Affiliation:
1. Department of CSE, National Institute of Technology Jamshedpur, India
2. Thapar Institute of Engineering & Technology, Patiala, Punjab, India
3. Indian Institute of Information Technology Sonepat, India
Abstract
Software fault prediction, which aims to find and fix probable flaws before they appear in real-world settings, is an essential component of software quality assurance. This article provides a thorough analysis of the use of feature ranking algorithms for successful software failure prediction. In order to choose and prioritise the software metrics or qualities most important to fault prediction models, feature ranking approaches are essential.

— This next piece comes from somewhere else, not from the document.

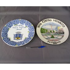 DOIS PRATOS DECORATIVOS (28X28 CM CADA), CONFECCIONADOS EM CERÂMICA. O PRIMEIRO, COM PINTURA EM TONS DE AZUL, POSSUI O BRASÃO DE PETRÓPOLIS AO CENTRO E A INSCRIÇÃO 'PETRÓPOLIS CIDADE IMPERIAL BRASIL'. O SEGUNDO, COM PINTURA RETRATANDO O CENTRO DA CIDADE, E A INSCRIÇÃO 'NOVO CENTRO HISTÓRICO / PETRÓPOLIS 2008'.

The proposed focus on applying an ensemble feature ranking algorithm to a specific software fault dataset, addressing the challenge posed by the dataset’s high dimensionality. In this extensive study, we examined the effectiveness of multiple machine learning classifiers on six different software projects: jedit, ivy, prop, xerces, tomcat, and poi, utilising feature selection strategies. In order to evaluate classifier performance under two scenarios—one with the top 10 features and another with the top 15 features—our study sought to determine the most relevant features for each project. SVM consistently performed well across the six datasets, achieving noteworthy results like 98.74% accuracy on “jedit” (top 10 features) and 91.88% on “tomcat” (top 10 features). Random Forest achieving 89.20% accuracy on the top 15 features, on “ivy.” In contrast, NB repeatedly recording the lowest accuracy rates, such as 51.58% on “poi” and 50.45% on “xerces” (the top 15 features). These findings highlight SVM and RF as the top performers, whereas NB was consistently the least successful classifier. The findings suggest that the choice of feature ranking algorithm has a substantial impact on the fault prediction models’ predictive accuracy and effectiveness. When using various ranking systems, the research also analyses the trade-offs between computing complexity and forecast accuracy.